►
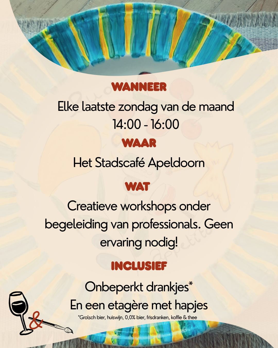 Onze 'Sip & Paint' bij het Stadscafé Apeldoorn biedt een bijzondere combinatie van creatief bezig zijn, gezelligheid onder het genot van een hapje en drankje . Ervaar het zelf!
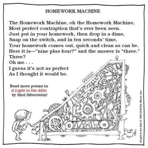 Web freakin' at the freakers ball, shel silverstein resource information the item freakin' at the freakers ball, shel silverstein represents a specific, individual, material embodiment of a. Web homework machine — shel silverstein | last.fm. Web the homework machine, by shel silverstein | poeticous: Web the homework machine, by shel silverstein | poeticous: Web the resource freakin' at the freaker's ball, shel silverstein, (sound recording) Web wynk music brings to you homework machine album version mp3 song from the movie/album the best of shel silverstein his words his songs his friends. Listen to homework machine from shel silverstein's a light in the attic for free, and see the artwork, lyrics and similar. Just put in your homework, then. The band name originates in reference to the famous children's author shel. Web after listening to the poem homework machine written by shel silverstein and published in a light in the attic, (harper collings publishers, 1981), students construct a function.
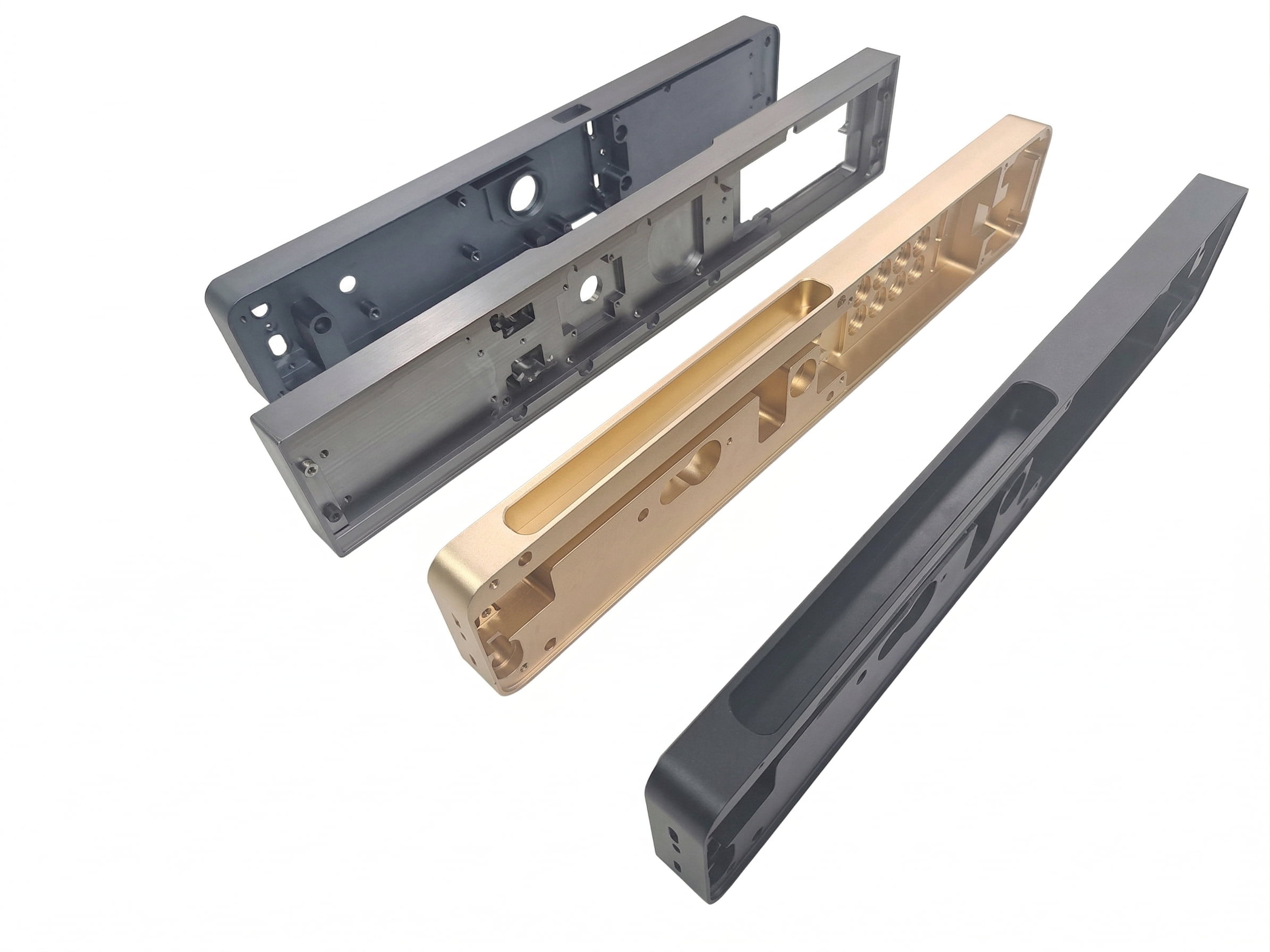 Anodizing, sandblasting, brushing, and powder coating options.
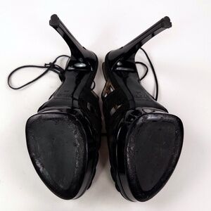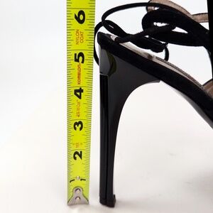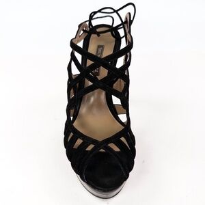 Bruno Magli Empress Suede Platform Latticework Strap Sandals. Black. Semi-pointed toe. Platform. Single suede lace ties around the ankle and heel . Ships with authenticity card, box and extra set of heel tips. No dust bag.
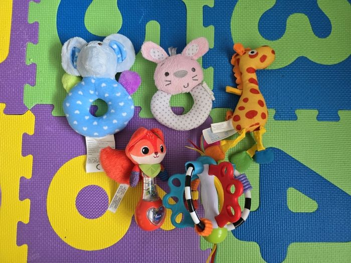Lot de 5 hochets. Vtech, et autres. En bon état.
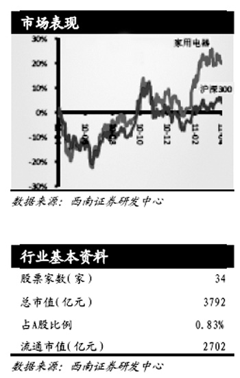 中金公司表示:前期股價(jià)從高點(diǎn)回落了10%左右,市場已基本消化了對一季報(bào)利潤的較高預(yù)期和對二季度銷售增速趨勢的擔(dān)憂。我們?nèi)匀豢春眉译姾罄m(xù)表現(xiàn),待6至8月旺季銷售進(jìn)一步確認(rèn),半年報(bào)將會穩(wěn)固市場對家電盈利能力的信心。二季度可重點(diǎn)關(guān)注利潤持續(xù)高增長的格力、海爾、海信。其中,格力公開增發(fā)有望二季度啟動,海爾資產(chǎn)整合順利進(jìn)展,美的、蘇泊爾、華帝、美菱目前股價(jià)也具中長期投資價(jià)值。四川長虹也可能存在提示組織構(gòu)架改革、盈利能力好轉(zhuǎn)帶來的交易性機(jī)會。
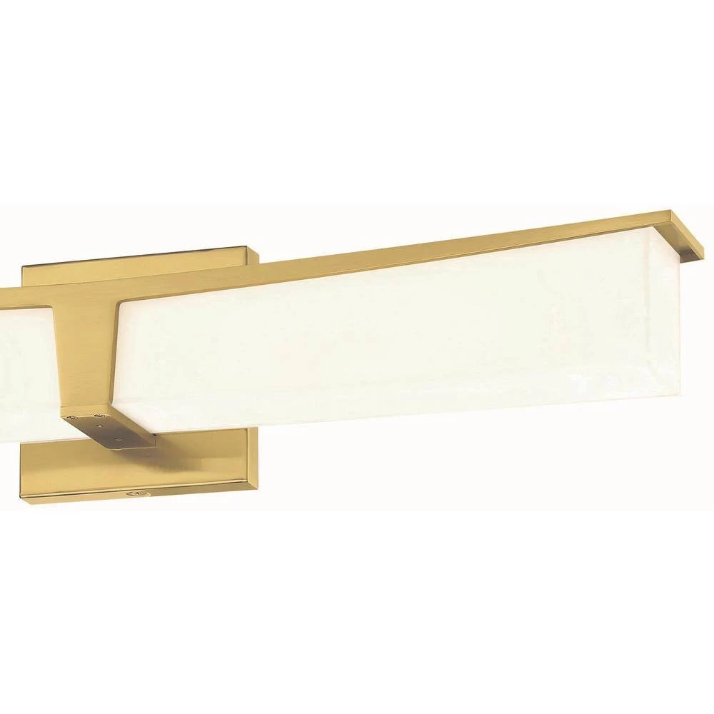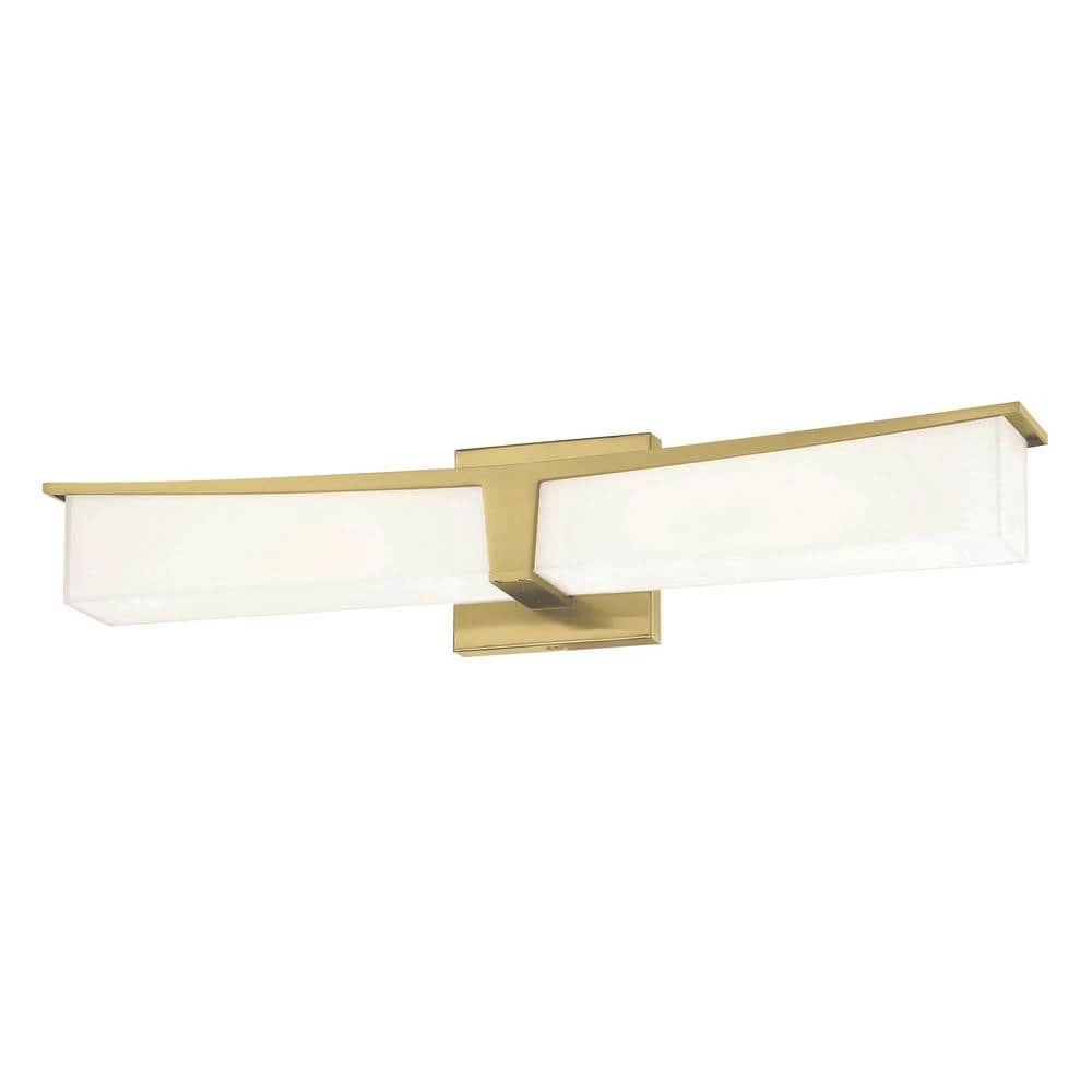The 24 in. PLANE LED Vanity light from George Kovacs provides a dramatic addition to any bathroom. The Honey Gold finish and Frosted Aquarium Glass sets the standard in contemporary vanity lighting. The 30-watt integrated LED produces over 1900 Lumens to light the largest of bathrooms. Other benefits from the LED light source in the vanity fixture is that it also generates 85% less heat than a typical incandescent fixture helping to keep your bathroom or powder room cool and with the integrated LED light source there are no bulbs to change. Other benefits from the LED light source is that it also generates 85% less heat than a typical incandescent fixture helping to keep your bathroom or powder room cool.
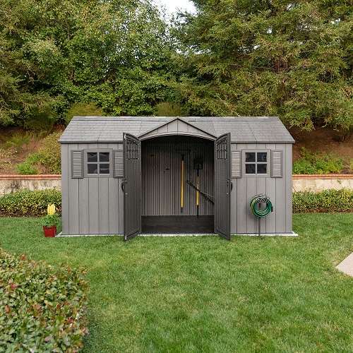 Casetta in polietilene alta densità a doppia parete (HDPE). Colore grigio con venature effetto legno, finitura spazzolata ruvida. Tetto realizzato con capriate in acciaio e dotato di lucernario a tutta lunghezza. Porta rinforzata con componenti in acciaio; chiusura con chiavistello.
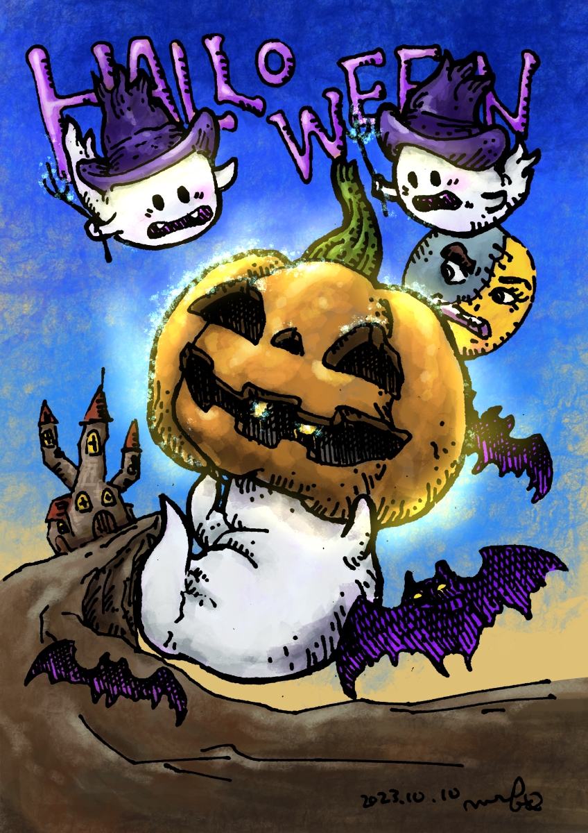 チョークイラストの体験会の参加したときに自分の絵を描けなかったので、チョークイラストを描いた板の裏にマットホップで描いたドローイングにProcreateで塗りました。もうハロウィンはいいだろう。飽きてきた。
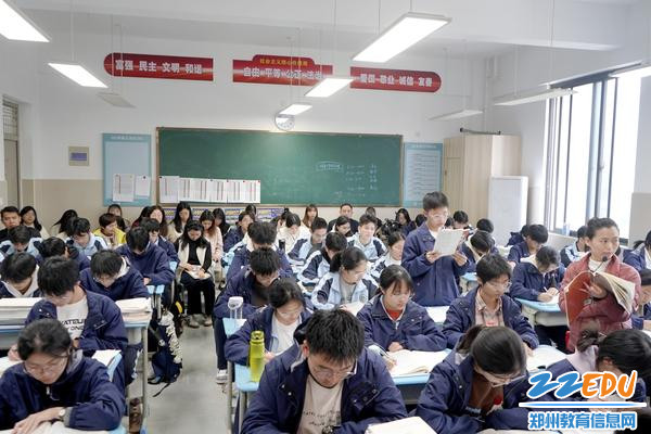 郑州市第五高级中学党委书记陈峻、副校长焦雪花听课
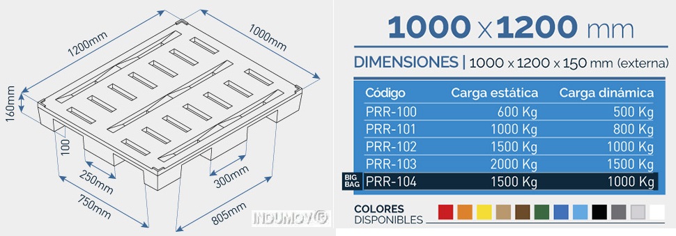 PALLET DE PLÁSTICO POR ROTOMOLDEO DE 1.000×1.200mm
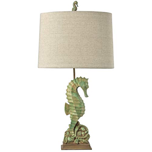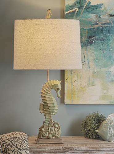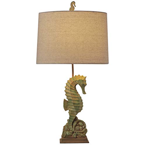 Complete your costal oasis with this poly table lamp. The seahorse design is perfect if you wish to add some fun to your abode. Be a focus for your guests by placing this lamp in your entryway or guest room. This lamp features a rotary 3-way switch on the neck of the lamp This item is rated for dry locations, meaning it may be used in an indoor area that may be not typically subject to dampness. May include a location subject to temporary dampness provided ventilation is adequate to prevent any accumulation of moisture such as the toilet This product is manufactured in China
◄
Pictures are to be left out. Write out only the lines above starting at the one with "Anodizing, sandblasting, brushing, and" and ending at the one with "中金公司表示:前期股價(ji", both lines included, exactly.

 Anodizing, sandblasting, brushing, and powder coating options.
 Bruno Magli Empress Suede Platform Latticework Strap Sandals. Black. Semi-pointed toe. Platform. Single suede lace ties around the ankle and heel . Ships with authenticity card, box and extra set of heel tips. No dust bag.
Lot de 5 hochets. Vtech, et autres. En bon état.
 中金公司表示:前期股價(jià)從高點(diǎn)回落了10%左右,市場已基本消化了對一季報(bào)利潤的較高預(yù)期和對二季度銷售增速趨勢的擔(dān)憂。我們?nèi)匀豢春眉译姾罄m(xù)表現(xiàn),待6至8月旺季銷售進(jìn)一步確認(rèn),半年報(bào)將會穩(wěn)固市場對家電盈利能力的信心。二季度可重點(diǎn)關(guān)注利潤持續(xù)高增長的格力、海爾、海信。其中,格力公開增發(fā)有望二季度啟動,海爾資產(chǎn)整合順利進(jìn)展,美的、蘇泊爾、華帝、美菱目前股價(jià)也具中長期投資價(jià)值。四川長虹也可能存在提示組織構(gòu)架改革、盈利能力好轉(zhuǎn)帶來的交易性機(jī)會。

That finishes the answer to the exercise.